Tuesday, August 22, 2006

Day 2 -- Still London




Day two started at the Tower of London. Early on – say 10:30 on a Sunday – the lines aren’t anything to fear and we took the Yeoman’s Tour with a wonderful guide who decided to use me as Anne Boleyn whenever an example was needed. (Apparently, he thought I’d look better minus a head .) Given her end, I was a bit conflicted about the whole thing, but I couldn’t help admiring my predecessor when I learned that she’d asked for a French executioner to end it all, which had the effect of a) delaying matters for a year until one could be imported at great cost to the crown and b) making her end as quick and painless as possible. British executioners, it seems, could not be trusted to get it in one and often took several painful whacks to get the job done.


From the tour we continued on to the White Tower, saw some arms and armor, including a nasty piece of work called the brandistock, which would sprout three nasty blades with a flick of the wrist, watched a brief film on the Gunpowder Rebellion of 1604 (Ty insisted), and took ourselves off to the British Museum. (Okay, there was a brief stop in for lunch, but I don’t think I’ll be monologuing on that any time soon.)

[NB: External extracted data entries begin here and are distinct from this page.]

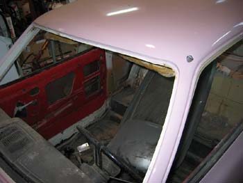 Aquí ya sin la luna delantera y con el tapizado del techo suelto. Al final con mucho cuidado se soltaron los scais de los pasos de rueda traseros para hacer las cosas un poco mejor. En las esquinas de la luna (se ve en negro) se lijó, echó oxino y se soldó un poco de chapa galvanizada nueva.
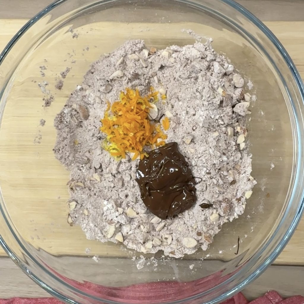 Préparez d’abord les ingrédients dont vous aurez besoin pour préparer les castagnelle. Faites griller les amandes pendant environ dix minutes à 150°C. Si vous le souhaitez, vous pouvez également les griller à la même température et pendant le même temps dans la friteuse à air.
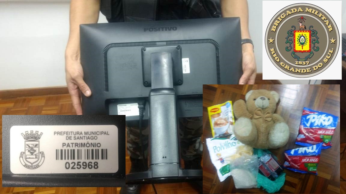 Ao verificar que o monitor possuía identificação do Município de Santiago, a BM entrou em contato com servidores da Prefeitura e confirmou que o monitor pertencia ao Centro de Referência da Mulher (CREAS) - da Secretaria de Desenvolvimento Social. Do local também foi furtada uma jarra elétrica, porém não foi localizada com o acusado que, para furtar os objetos, arrombou uma janela conforme apuraram os policiais militares em diligências.

The British Museum was, in a word, awesome. Ty and I went into raptures over the Egyptian exhibit. There’s nothing like hearing your just-turned-six-year-old call out, “Mom, canopic jars!” to make your day. He’s a little authority already and especially loved the mummies, skulls and sarcophagi. He chose a stuffed doll of Pharaoh Amenhotep as his souvenir. We also saw the Rosetta Stone, which Ty was as excited to see as I was. (Pete was excited by the card assembled replica of an execution scene, complete with realistic beheading he’d found back at the Tower.) Yes, we’re the Addams family – however did you know?

After that it was off to the Jack the Ripper Tour. I was saddened to learn that what I’d read as carriage ride really said “coach” (meaning bus) and the informative audio on the cruise was experiencing technical difficulties. However, the tour portion of the evening was great. Despite the guide trying to talk us out of bringing Ty, he loved it and was excellent on the tour. (I explained Ty’s plans to become Batman, thus his need for insight into the criminal mind.) Before we even hit the pavement we heard about Charles II, exhuming Cromwell to kill him twice more – by hanging and drawing and quartering – before sticking his head on a pole for good measure. We also learned about the origin of the term “whopper,” which our guide claimed came from the fact that pirates weren’t taken away to the Tower for execution but would be lowered toward the Thames in a cage, where high tide would have its way with them. After three days, the bodies would be bloated up, hence “whoppers.” Pleasant, right? We then stopped at a couple of the murder sites, saw the Ten Bells pub, etc.

Later our guide brought us by the Golden Boy of London, commemorating the sight where the Great Fire of 1666 ended. It started at the house of a baker on Pudding Lane and ended at Pye Corner, leading the zealots to conclude that the fire was God’s judgment on the city’s gluttony…. Anyway...we also saw the Wallace Memorial and the park where he was put to death, sharing a fate similar to that of Cromwell without the exhumation. (He was just hanged until almost dead first.) The Brits certainly had a thing about making sure their enemies were good and dead!

We finished up at the Sherlock Holmes Bar and Restaurant, where I bizarrely found a roll of socks under our table – a testament to my detecting skills? It was there that Pharaoh Amenhotep became Super Amenhotep under the skillful playage of Ty the magnificent.